Welcome to our dedicated page for VENDOME ACQUISITION I SEC filings (Ticker: VNMEU), a comprehensive resource for investors and traders seeking official regulatory documents including 10-K annual reports, 10-Q quarterly earnings, 8-K material events, and insider trading forms.
Our SEC filing database is enhanced with expert analysis from Rhea-AI, providing insights into the potential impact of each filing on VENDOME ACQUISITION I's stock performance. Each filing includes a concise AI-generated summary, sentiment and impact scores, and end-of-day stock performance data showing the actual market reaction. Navigate easily through different filing types including 10-K annual reports, 10-Q quarterly reports, 8-K current reports, proxy statements (DEF 14A), and Form 4 insider trading disclosures.

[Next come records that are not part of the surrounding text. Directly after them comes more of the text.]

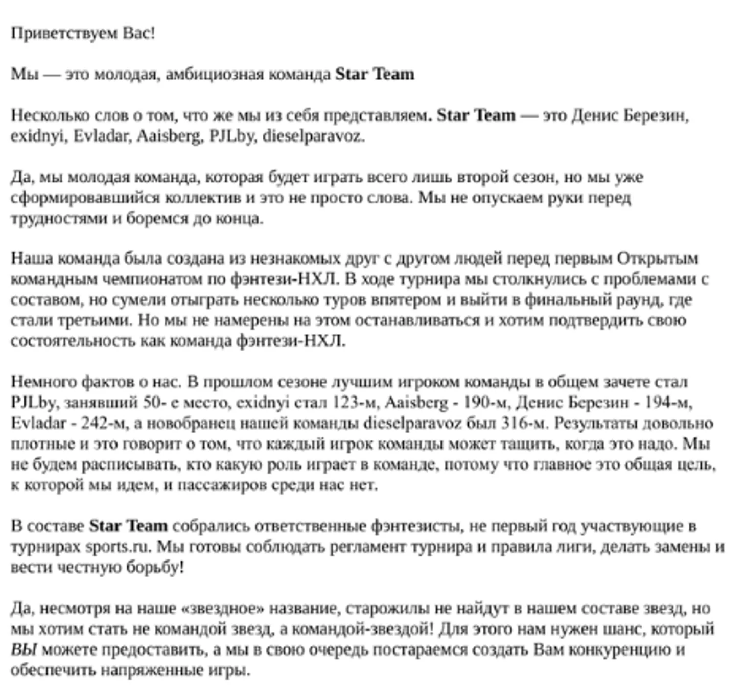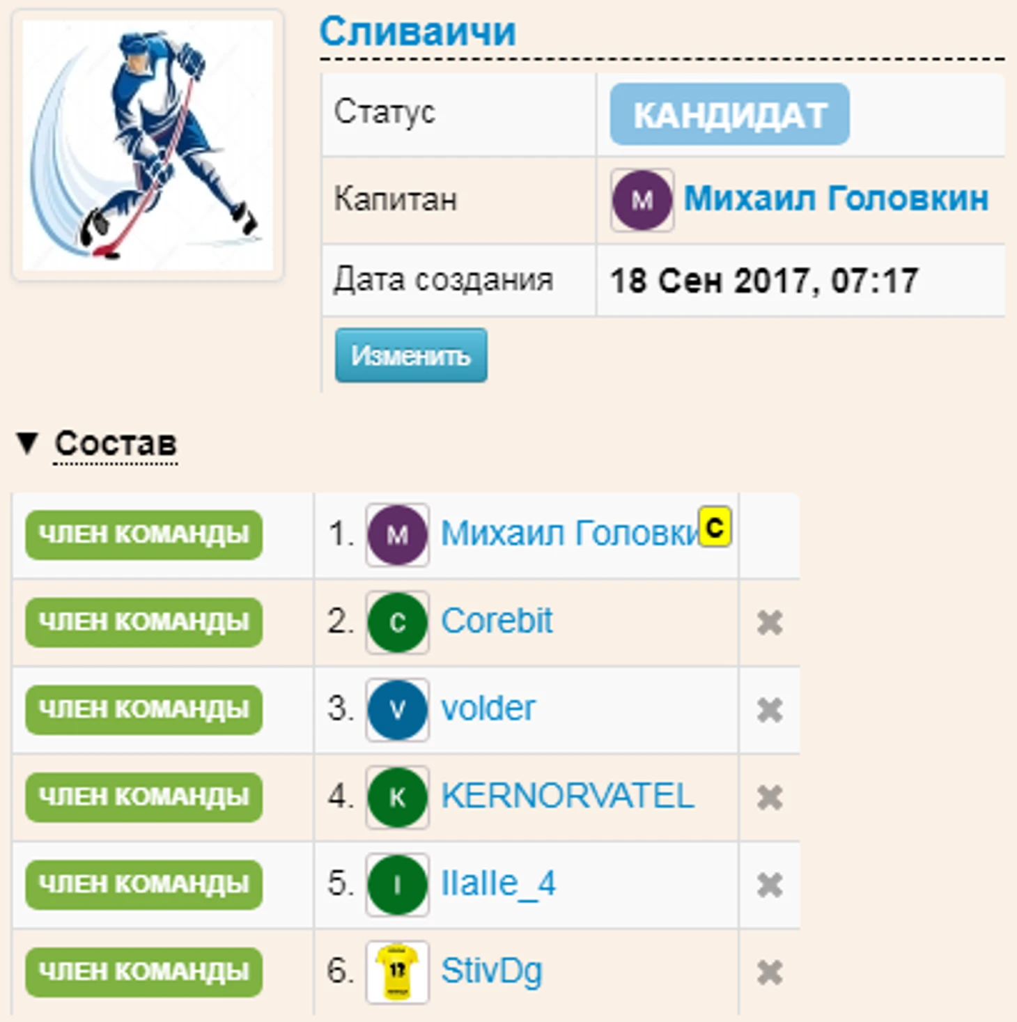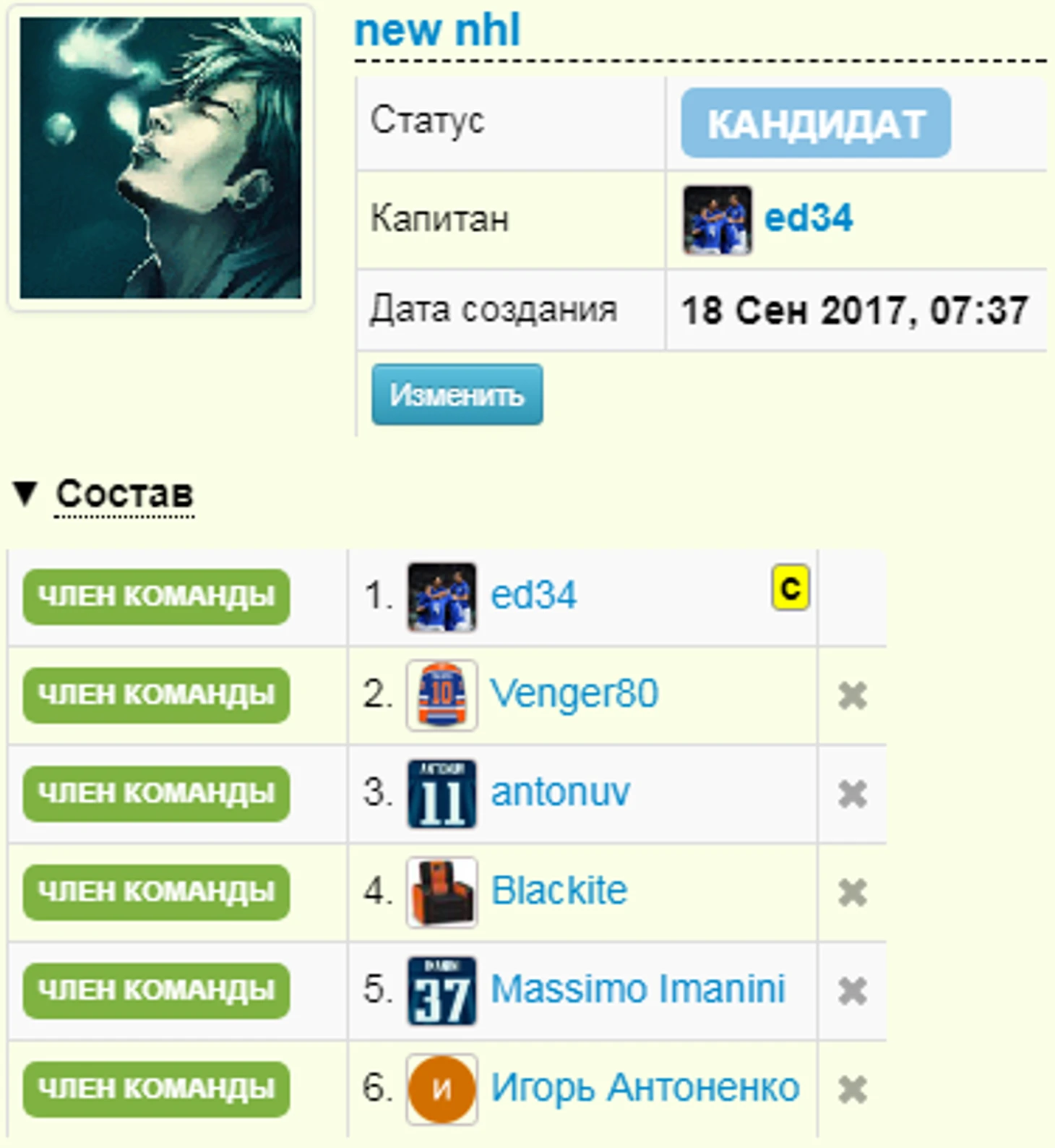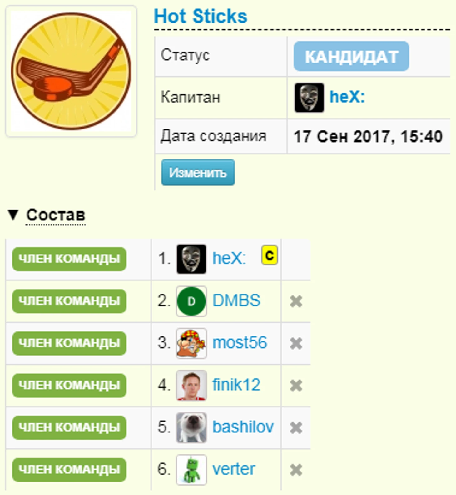 я Frantjke - победитель масс-старта ЧМ-2017, в НХЛ буду играть уже 4 сезонGraf_007 - всегда во всех турнирах у нас в топеАлексей Быцкевич и Araziz - у нас поставщики информации, твиттер, ротоворды и прочее, первый вообще только в НХЛ и играет.JacksonKot и Goodwin44 - ребята из моей фентези команды по футболу, но в НХЛ мы тоже играли первый раз в том году вместе, а так они тоже уже 4-5 сезон играют.Итого - команда думающих, опытный состав, есть беседа по КХЛ и НХЛ в ВК и телеге, там всё обсуждаем всегда, играем до конца.Хотим побороться за шанс сыграть в Вашем турнире.
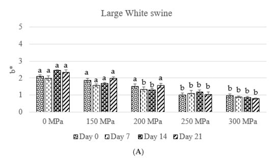 The effect of high hydrostatic pressure treatment on yellow/blue component (b*). Different superscript letters on the bars indicate significant differences. (A) Large White swine. (B) Wild boar.
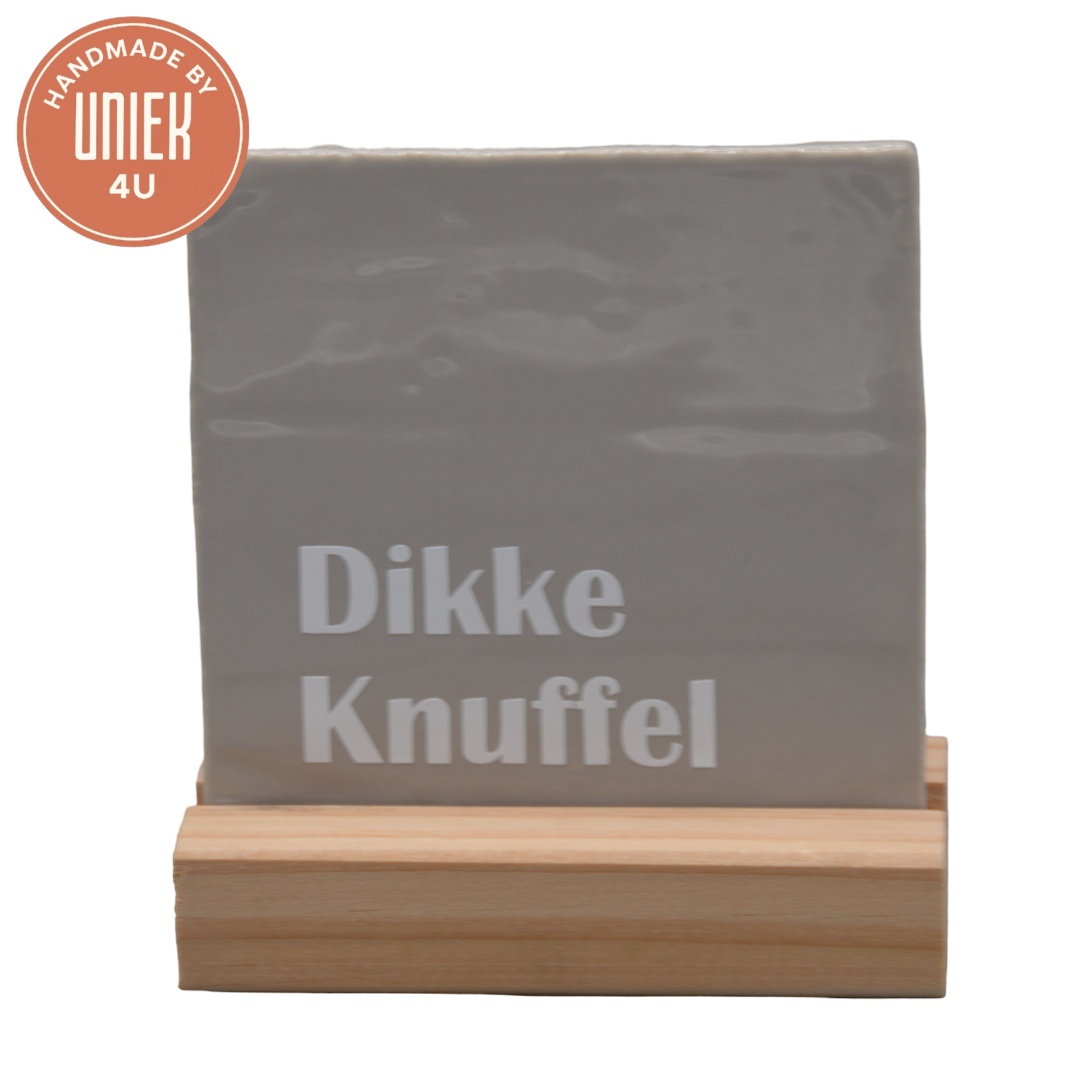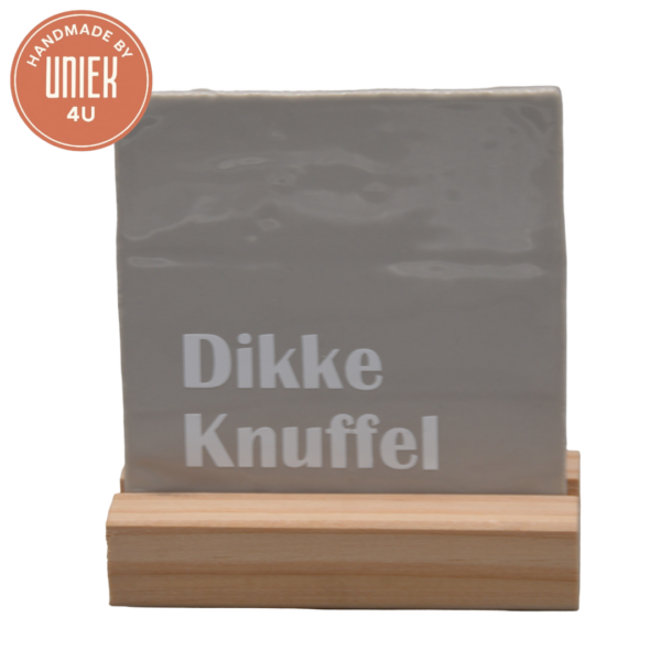Dit tegeltje van Uniek4U is een vierkant tegeltje in grijs, gemaakt van keramiek. Met een afmeting van 10 x 10 cm heeft dit handgemaakte tegeltje een compact formaat en is het voorzien van de tekst “Dikke Knuffel” in wit. Het keramische materiaal zorgt voor een stevige en stijlvolle afwerking. Ideaal als decoratief item of als liefdevol en persoonlijk cadeau.
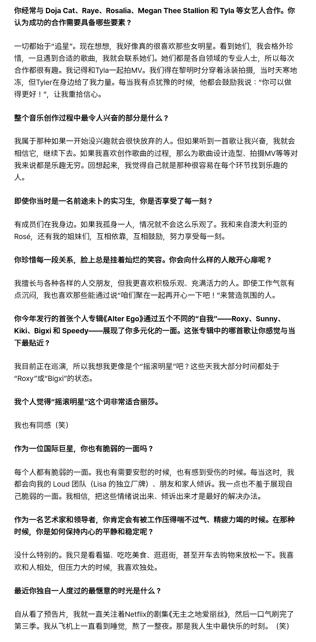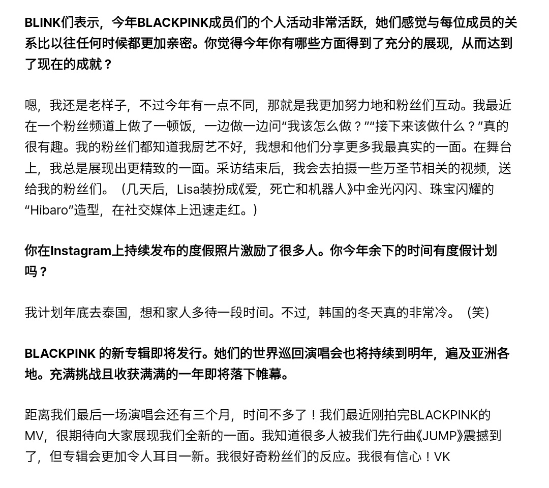 251124 Lisa for Vogue Korea采访完整版🐣“VK:BLACKPINK 的新专辑即将发行。她们的世界巡回演唱会也将持续到明年,遍及亚洲各地。充满挑战且收获满满的一年即将落下帷幕。Lisa:距离我们最后一场演唱会还有三个月,时间不多了!我们最近刚拍完BLACKPINK的MV,很期待向大家展现我们全新的一面。我知道很多人被我们先行曲《JUMP》震撼到了,但专辑会更加令人耳目一新。我很好奇粉丝们的反应。我很有信心!”期待期待!!!
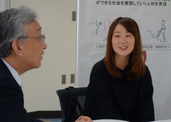 【植田】将来の話ですが、大学を卒業したら多くの人が就職活動か大学院進学かというように別れると思います。以前、地域を支える人を生み出したいという話を聞きましたが、人間科学部の学生に対してどういう学生に育ってほしいと思っておられますか?
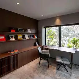 A total of 8 spacious rooms of over 100 m2 in a building with an urban yet lush architecture.
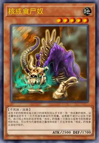 这张卡的控制者在每次自己的结束阶段从手卡把1张「核成兽的钢核」送去墓地或把手卡1只不死族怪兽给对方观看。或者都不进行让这张卡破坏。自己场上存在的名字带有「核成」的怪兽1只被战斗或者卡的效果破坏的场合,可以作为代替把自己墓地存在的1只名字带有「核成」的怪兽从游戏中除外。
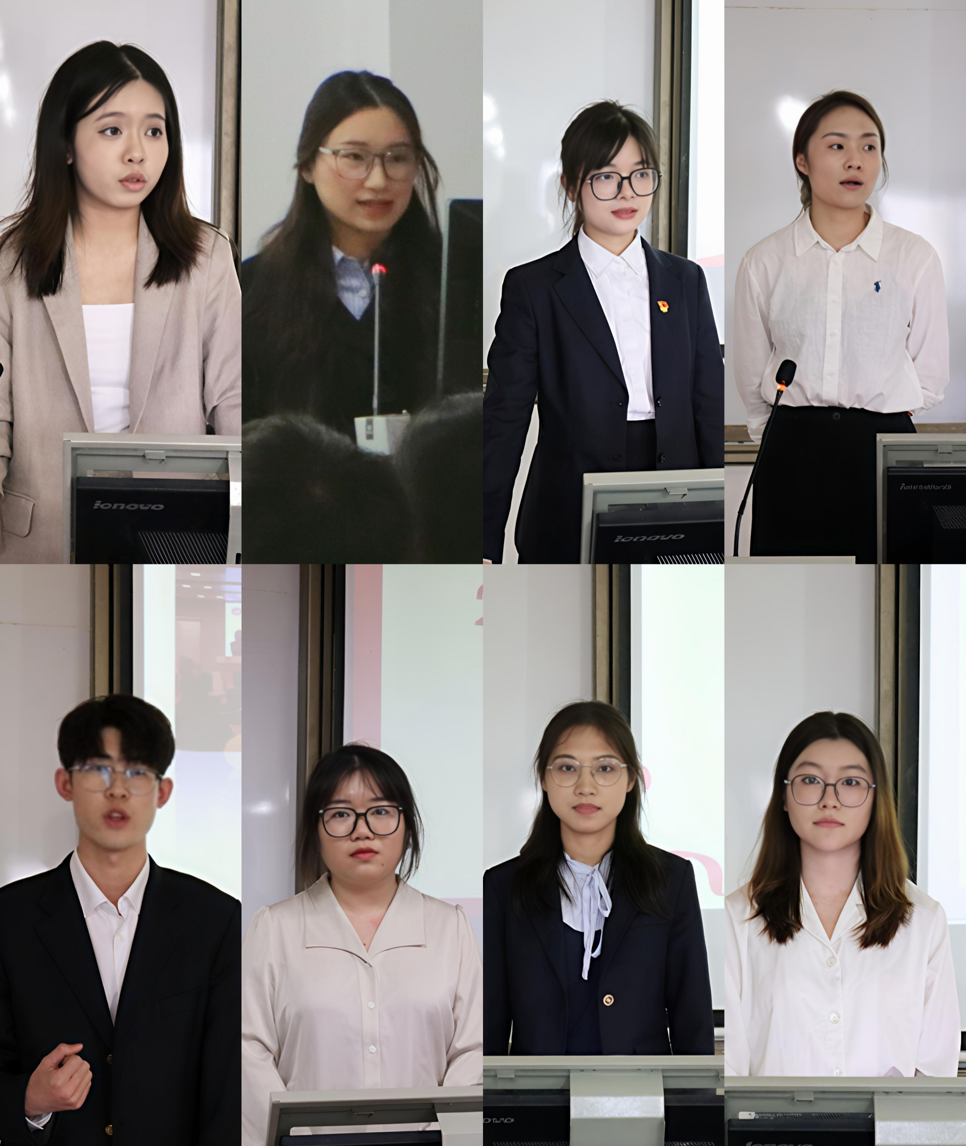 从左至右分别为学生会执行主席何佳璇、研究生会执行主席黄敏璇、党建工作秘书处秘书长卢玟君、就业服务秘书处秘书长石祖欣、“四创”学生管理秘书处秘书长姜帅、炎林连连长杨瑾瑜、同志连连长李慧怡、青年志愿者协会会长周琦
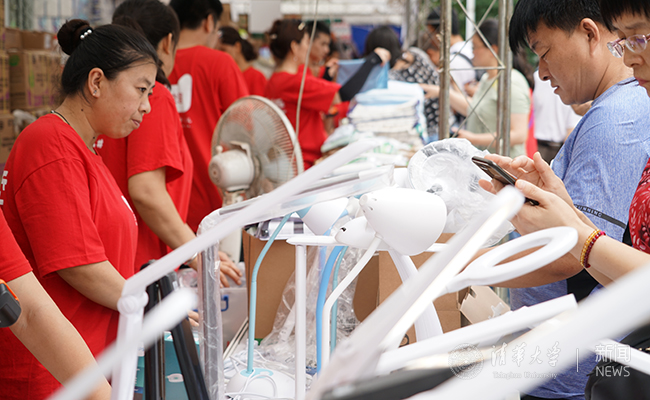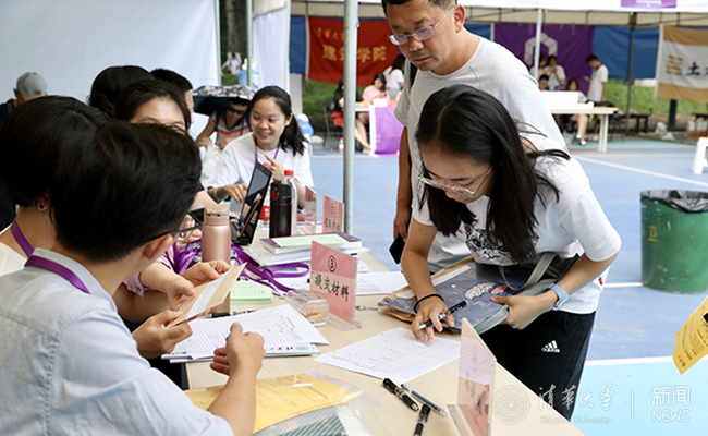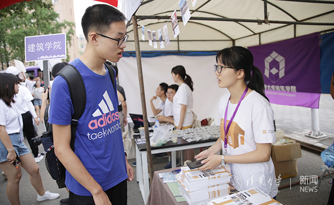 位于综合体育馆西侧网球场的院系迎新区热闹非凡,各专业类及院系站点的迎新帐篷环绕排开。丘成桐数学英才班、能源动力工程烽火班等都准备了清晰明丽的二次招生易拉宝和宣传册;计算机系则为每位班主任和辅导员都制作了专门的桌签,班主任们早上7点就来到迎新现场,热情地为新生及家长提供咨询服务;今年新成立的车辆与运载学院对迎新工作倍加重视,不仅现场标识清晰,还为新生准备了精心设计的“大礼包”,包括院衫和各种手册资料。可爱的吉祥物、醒目的二维码、丰富多彩的宣传品为迎新现场增添了活泼的色彩。
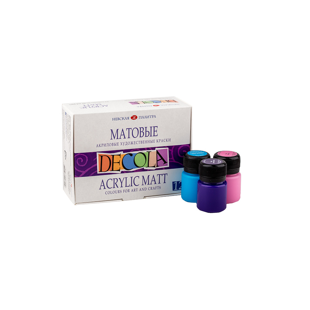 Матовые краски «Decola» на основе водной акриловой дисперсии легко наносятся на любую поверхность: бумагу, картон, грунтованный холст, дерево, металл, кожу и др.). Обладают высокой урывистостью, хорошо смешиваются, быстро высыхают. После высыхания приобретают матовую поверхность, не смываются водой. Могут быть использованы для росписи специализированных поверхностей таких как ткань, кожа, пластик, металл, стекло или керамика. Для профессионального уровня росписи сложных поверхностей - гибких как ткань или гладких как стекло - рекомендуется использовать продукцию специализированных серий «Decola», обладающих лучшей адгезией с заявленными поверхностями. При работе с впитывающими и цветными поверхностями перед нанесением красочного слоя также рекомендуется предварительно загрунтовать изделие белым акриловым грунтом «Сонет» в 1-3 слоя с промежуточной сушкой. Храните краски плотно закрытыми. Кисти и инструменты сразу после работы промойте водой.
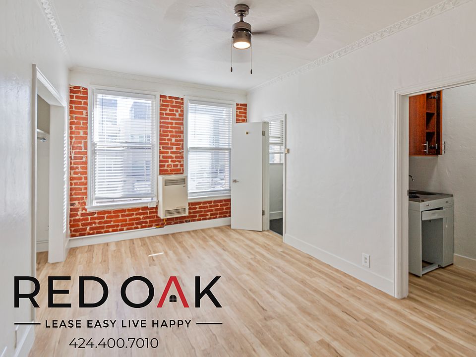 Lovely Bachelor Studio with Hardwood Style Floors, Ample Closet Space, Exposed Red Brick, Stylish Celing Fan, and On-Site Laundry ~ In Prime Koreatown! Home Highlights: Naturally Lit: Enjoy large windows and lots of natural sunlight, accentuating the hardwood-style flooring and exposed red brick walls. Enhanced Privacy: Blinds on the windows let you control the light and offer additional privacy. In-Unit Storage: Stay organized with two convenient closets. Temperature Control: An efficient gas furnace and breezy ceiling fan will ensure that your home is always comfortable. Cozy Kitchenette: Featuring hardwood cabinets, a stainless steel sink, and an electric cooktop. Elegant Bathroom: Boasting modern fixtures, pedestal sink, and walk-in shower. On-Site Laundry: Say goodbye to laundromat hassles with the convenience of on-site laundry facilities. Pet-Friendly Policy: This community warmly welcomes your pets with a minimal deposit and monthly pet rent. Convenient Location: A perfect blend of urban living, nightlife, and convenience. Centrally located with rich history and a welcoming community. This one won't be on the market very long! Available for an immediate move-in. LEASE TERMS: 1 Year Lease Pictures and descriptions are of EXACT unit Square Footage is approximate. Street Parking Only. Showings may not be 1-on-1. All information must be validated on Red Oaks Website since 3rd party websites can feed incorrect information.
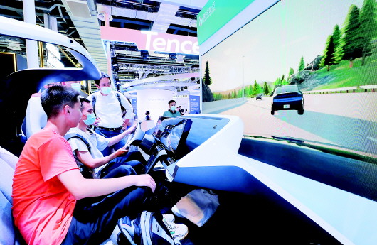 7月8日,参观者在世界人工智能大会的展览现场体验一款智能座舱的仿真自动驾驶功能。新华社记者方喆摄
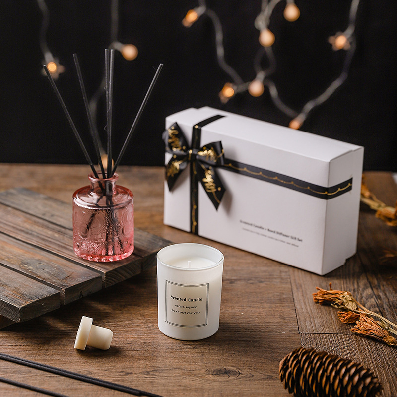 Diseño de moda Decoración de lujo para el hogar Cumpleaños personalizado Regalos DE BODA Velas perfumadas de cera de soja con difusor de caña de aroma Juego de regalo

Designed for fundamental investors and regulatory compliance professionals, our page simplifies access to critical SEC filings. By combining real-time EDGAR feed updates, Rhea-AI's analytical insights, and historical stock performance data, we provide comprehensive visibility into VENDOME ACQUISITION I's regulatory disclosures and financial reporting.
Vendome Acquisition Corporation I, a Cayman Islands blank check company, outlines its SPAC structure and strategy in its annual report. The company raised $200,000,000 by selling 20,000,000 units at $10.00 each, with proceeds placed in a U.S. trust account invested in government securities or money market funds.
The sponsor holds 5,000,000 founder Class B shares acquired for $25,000, and bought 2,648,000 private placement warrants for $2,648,000. As of March 18, 2026, 20,000,000 Class A and 5,000,000 Class B ordinary shares were outstanding. Vendome has up to 24 months from the IPO closing to complete an initial business combination, primarily targeting consumer-sector businesses with enterprise values between $500 million and $1 billion.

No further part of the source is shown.